Weaknesses: errors at stage N affect all downstream stages; the pipeline is inherently sequential unless you introduce parallel branches; handoff context needs to be carefully formatted so the receiving agent has what it needs without the full upstream history.

Coordination: what to pass in a handoff

When one agent hands off to another, the receiving agent needs context without being overwhelmed by the full upstream conversation history. Common approaches:

Structured summary — the handing-off agent produces a machine-readable summary (JSON or a defined template) that the receiving agent consumes as input. This is the most reliable approach.

Excerpt — pass the last N messages plus a task description. Cheap to implement but risks dropping important earlier context.

Full transcript — pass everything. Simple but expensive and can cause context overflow on long pipelines.

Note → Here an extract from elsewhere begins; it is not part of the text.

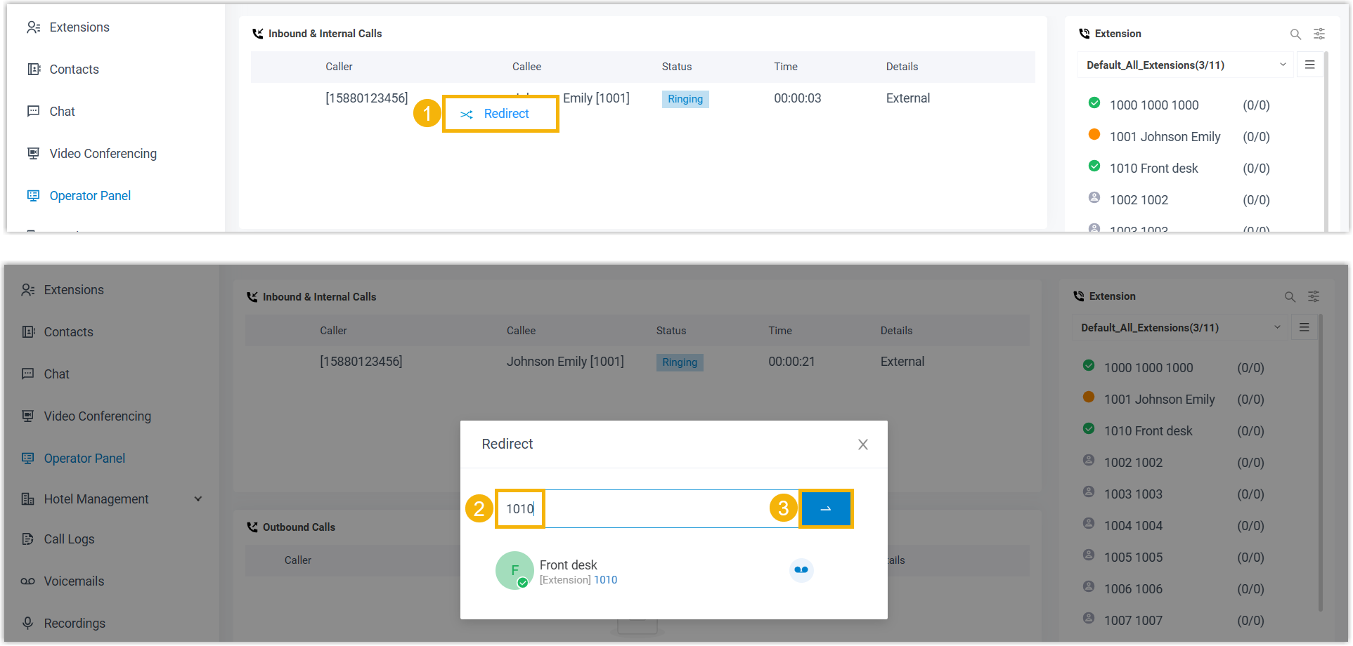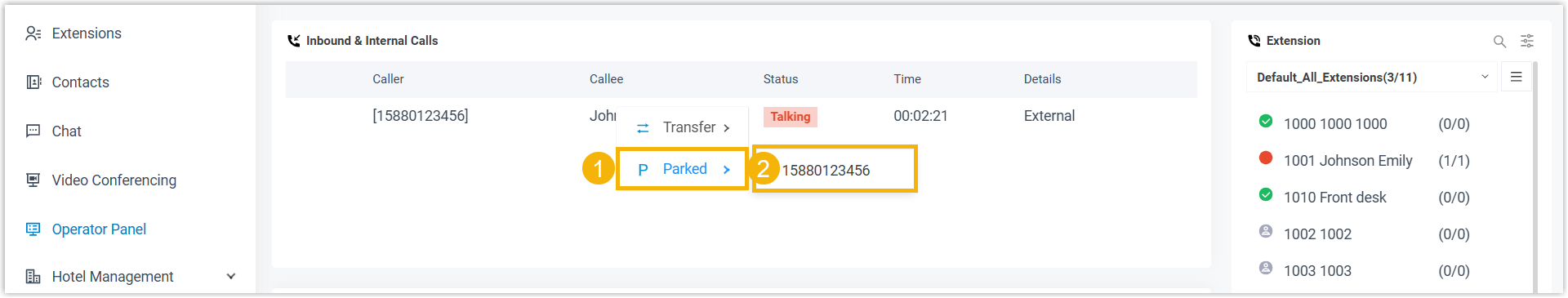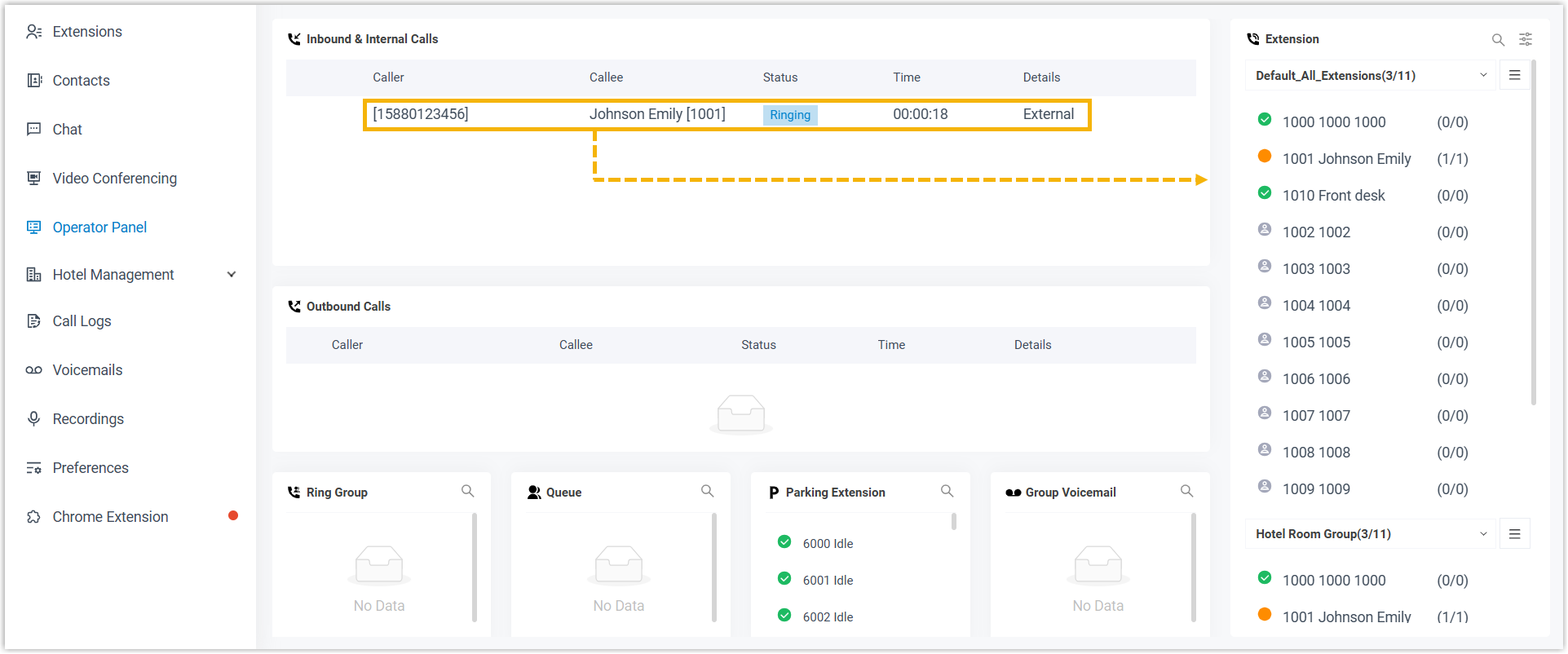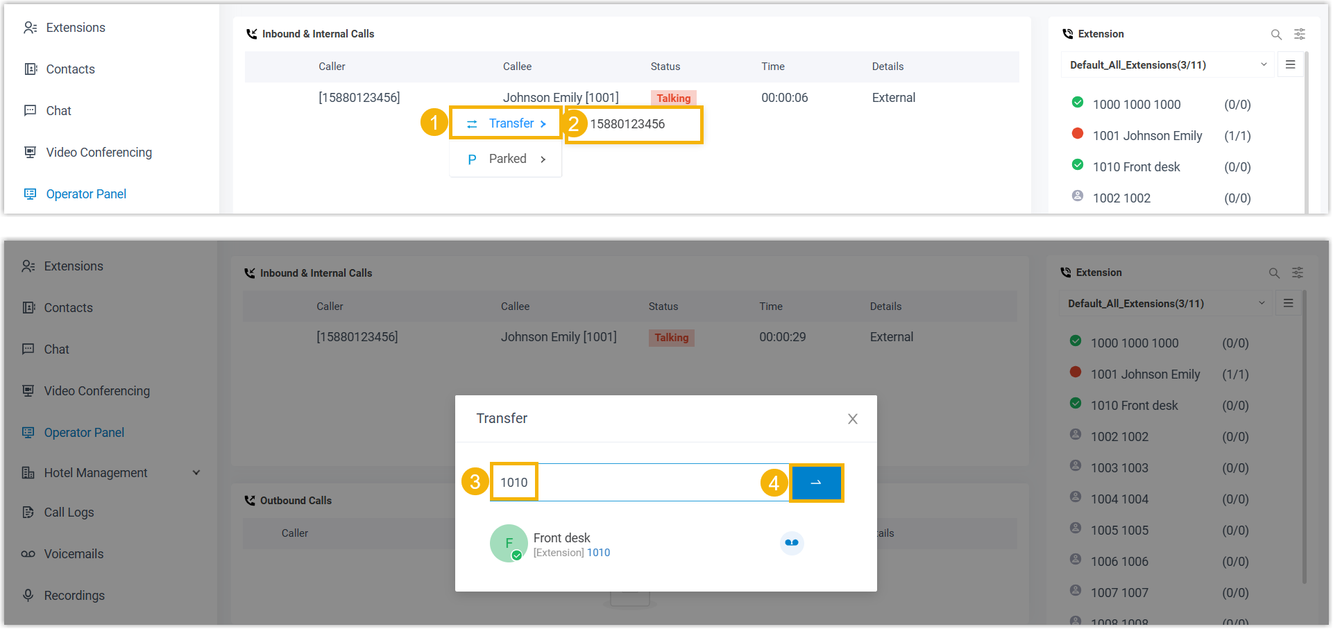 In some cases, front desk may need to manage guest calls, such as transferring calls to another room. This topic describes how front desk can manage guests calls from Operator Panel.

External state — write intermediate results to a shared store (file, database, vector store). The receiving agent reads what it needs. See State, memory, and handoffs for this approach.

Parallelism

Independent sub-tasks in the supervisor pattern can run concurrently. In Python, use asyncio.gather:

import asyncio

async def run_parallel_workers(sub_tasks: list, workers: dict) -> list:
    tasks = [
        workers[st.worker_type].run_async(st.instructions)
        for st in sub_tasks
    ]
    return await asyncio.gather(*tasks)

Be aware of rate limits. Multiple parallel agents hitting the same API endpoint simultaneously may trigger throttling. Implement exponential backoff or use a token-bucket rate limiter in front of parallel agent invocations.

Error handling across agent boundaries

Each agent boundary is a potential failure point. Define an error contract for each agent:

  • What does the agent return when it cannot complete the task?
  • Does it return a partial result or raise an exception?
  • How does the supervisor / downstream agent handle a failure?

A common pattern: agents return a result object with a success flag and an error_message field. The supervisor checks the flag before proceeding and can retry the sub-task, skip it, or abort the whole pipeline.

When not to use multi-agent

Multi-agent systems are not inherently better than single-agent systems. They are appropriate when: - Parallelism provides meaningful latency reduction - Specialization (different system prompts) produces meaningfully better outputs - The task genuinely exceeds a single context window

They add complexity, cost, and failure modes. If a well-crafted single-agent loop can solve the problem, prefer it.